[Source records]
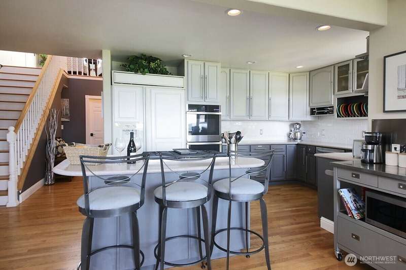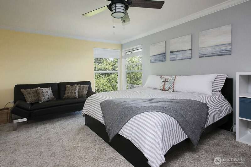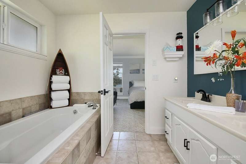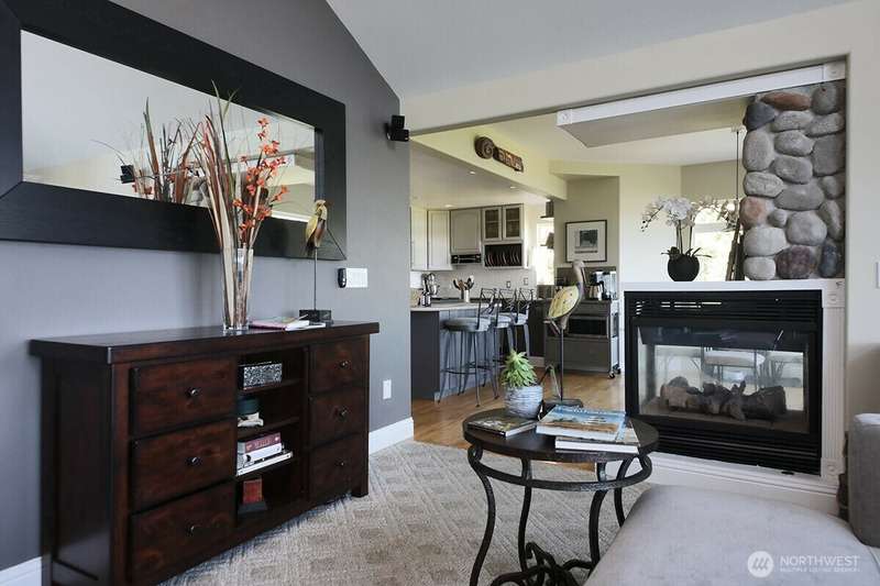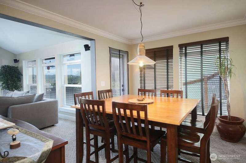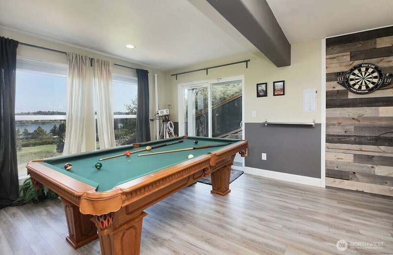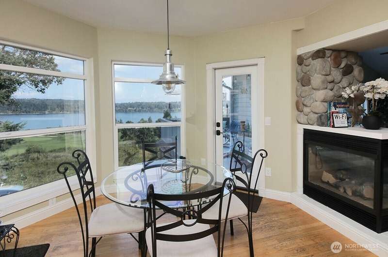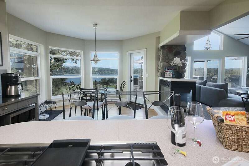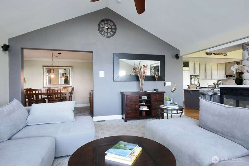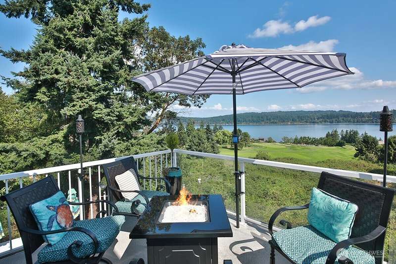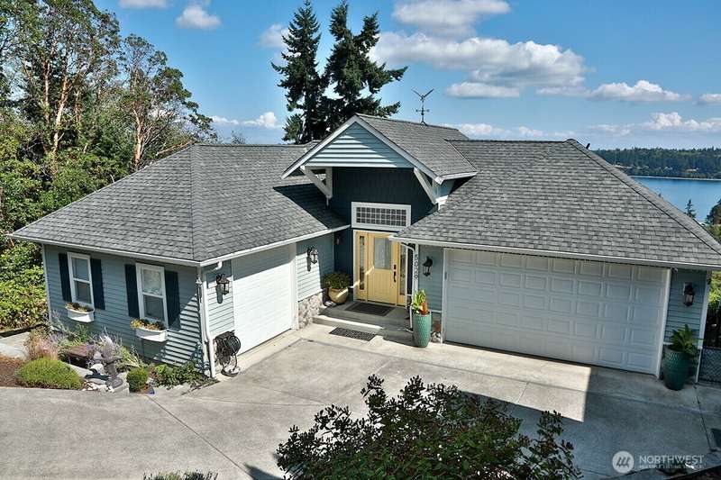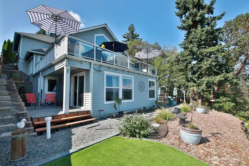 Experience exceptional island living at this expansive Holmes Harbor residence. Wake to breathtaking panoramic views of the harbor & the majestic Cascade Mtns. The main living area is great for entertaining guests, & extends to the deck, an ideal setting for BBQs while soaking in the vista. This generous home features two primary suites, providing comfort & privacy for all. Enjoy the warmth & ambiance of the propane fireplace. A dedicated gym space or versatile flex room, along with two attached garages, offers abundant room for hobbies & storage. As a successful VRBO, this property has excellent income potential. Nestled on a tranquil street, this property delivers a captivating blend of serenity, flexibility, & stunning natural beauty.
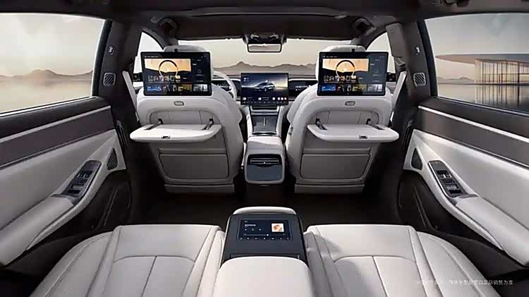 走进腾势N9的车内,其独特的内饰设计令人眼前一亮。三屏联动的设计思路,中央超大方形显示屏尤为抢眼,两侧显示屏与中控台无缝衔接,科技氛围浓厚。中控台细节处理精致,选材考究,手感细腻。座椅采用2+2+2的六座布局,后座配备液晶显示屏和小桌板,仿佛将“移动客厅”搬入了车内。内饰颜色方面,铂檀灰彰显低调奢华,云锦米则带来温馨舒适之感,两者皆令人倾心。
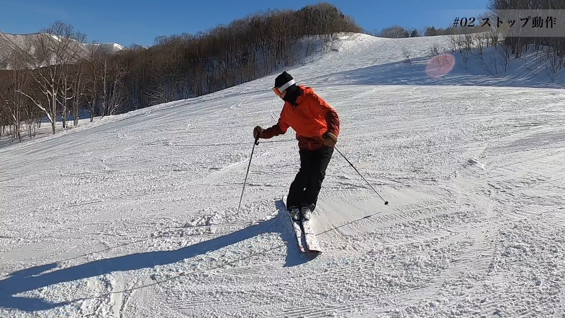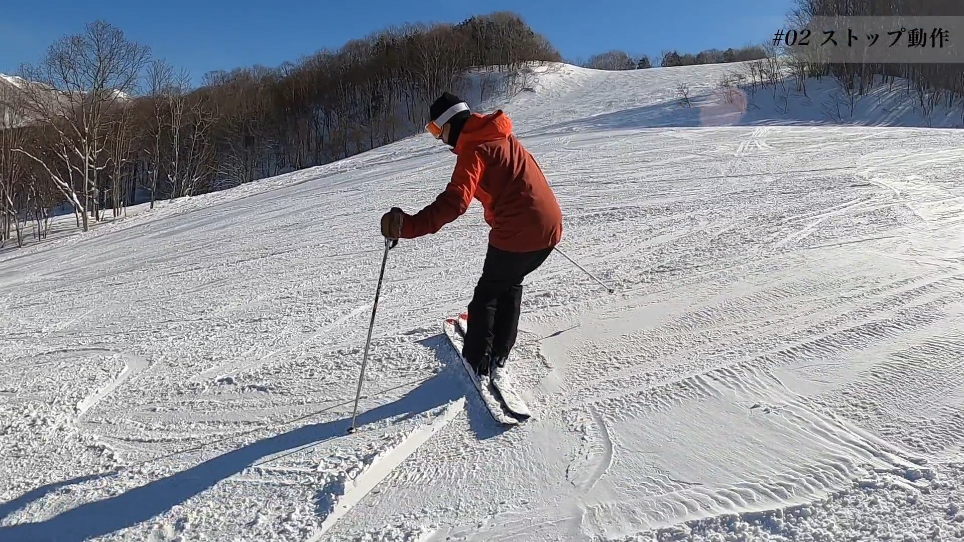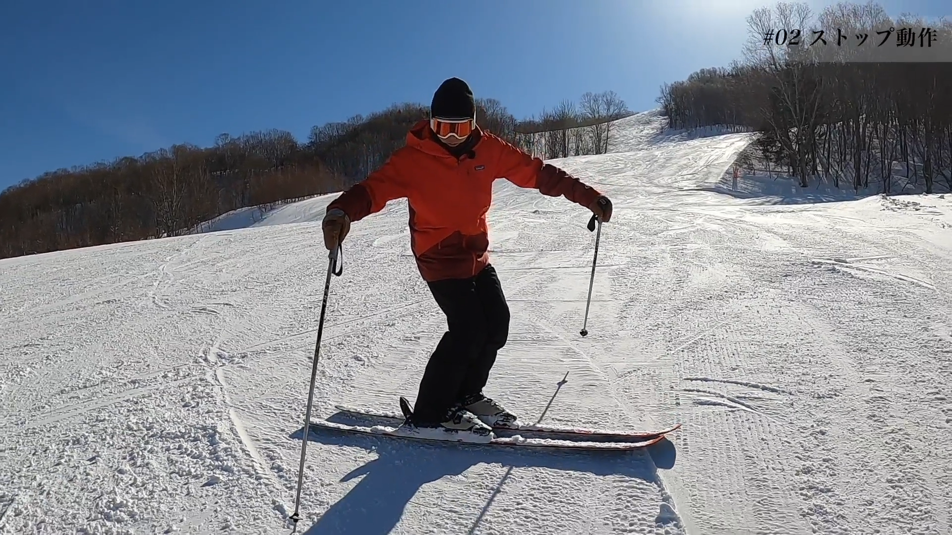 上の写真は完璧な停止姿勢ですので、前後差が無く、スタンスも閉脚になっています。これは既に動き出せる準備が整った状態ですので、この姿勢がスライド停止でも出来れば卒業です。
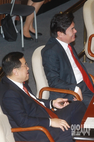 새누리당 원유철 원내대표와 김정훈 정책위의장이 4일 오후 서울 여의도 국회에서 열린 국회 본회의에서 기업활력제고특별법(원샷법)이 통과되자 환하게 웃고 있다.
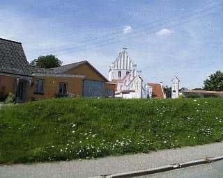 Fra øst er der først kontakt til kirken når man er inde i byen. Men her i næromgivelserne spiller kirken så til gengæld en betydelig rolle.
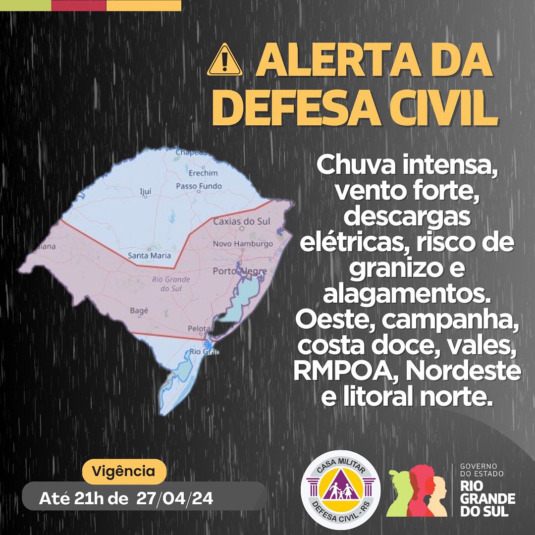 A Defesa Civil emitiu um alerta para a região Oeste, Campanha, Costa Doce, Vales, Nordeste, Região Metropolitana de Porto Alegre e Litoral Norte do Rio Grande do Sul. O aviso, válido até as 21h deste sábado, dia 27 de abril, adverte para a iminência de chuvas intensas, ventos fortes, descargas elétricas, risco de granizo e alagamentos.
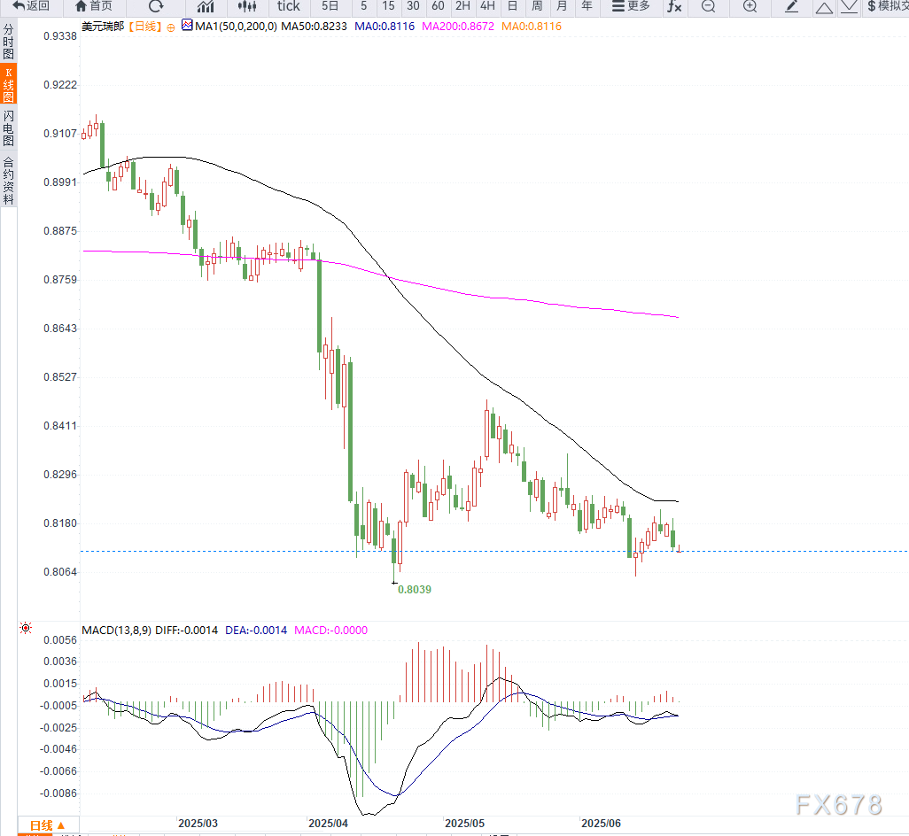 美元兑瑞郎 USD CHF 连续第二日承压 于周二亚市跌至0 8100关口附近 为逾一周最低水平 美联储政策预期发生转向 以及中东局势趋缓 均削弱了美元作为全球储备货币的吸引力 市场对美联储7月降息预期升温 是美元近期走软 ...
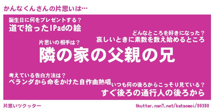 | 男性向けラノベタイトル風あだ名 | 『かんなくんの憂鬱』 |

__WHAT YOU WILL DO__.
Once the pictures are set aside, reproduce the records in full and exactly.

__SOLUTION FOR THIS TASK__.
 Experience exceptional island living at this expansive Holmes Harbor residence. Wake to breathtaking panoramic views of the harbor & the majestic Cascade Mtns. The main living area is great for entertaining guests, & extends to the deck, an ideal setting for BBQs while soaking in the vista. This generous home features two primary suites, providing comfort & privacy for all. Enjoy the warmth & ambiance of the propane fireplace. A dedicated gym space or versatile flex room, along with two attached garages, offers abundant room for hobbies & storage. As a successful VRBO, this property has excellent income potential. Nestled on a tranquil street, this property delivers a captivating blend of serenity, flexibility, & stunning natural beauty.
 走进腾势N9的车内,其独特的内饰设计令人眼前一亮。三屏联动的设计思路,中央超大方形显示屏尤为抢眼,两侧显示屏与中控台无缝衔接,科技氛围浓厚。中控台细节处理精致,选材考究,手感细腻。座椅采用2+2+2的六座布局,后座配备液晶显示屏和小桌板,仿佛将“移动客厅”搬入了车内。内饰颜色方面,铂檀灰彰显低调奢华,云锦米则带来温馨舒适之感,两者皆令人倾心。
 上の写真は完璧な停止姿勢ですので、前後差が無く、スタンスも閉脚になっています。これは既に動き出せる準備が整った状態ですので、この姿勢がスライド停止でも出来れば卒業です。
 새누리당 원유철 원내대표와 김정훈 정책위의장이 4일 오후 서울 여의도 국회에서 열린 국회 본회의에서 기업활력제고특별법(원샷법)이 통과되자 환하게 웃고 있다.
 Fra øst er der først kontakt til kirken når man er inde i byen. Men her i næromgivelserne spiller kirken så til gengæld en betydelig rolle.
 A Defesa Civil emitiu um alerta para a região Oeste, Campanha, Costa Doce, Vales, Nordeste, Região Metropolitana de Porto Alegre e Litoral Norte do Rio Grande do Sul. O aviso, válido até as 21h deste sábado, dia 27 de abril, adverte para a iminência de chuvas intensas, ventos fortes, descargas elétricas, risco de granizo e alagamentos.
 美元兑瑞郎 USD CHF 连续第二日承压 于周二亚市跌至0 8100关口附近 为逾一周最低水平 美联储政策预期发生转向 以及中东局势趋缓 均削弱了美元作为全球储备货币的吸引力 市场对美联储7月降息预期升温 是美元近期走软 ...
 | 男性向けラノベタイトル風あだ名 | 『かんなくんの憂鬱』 |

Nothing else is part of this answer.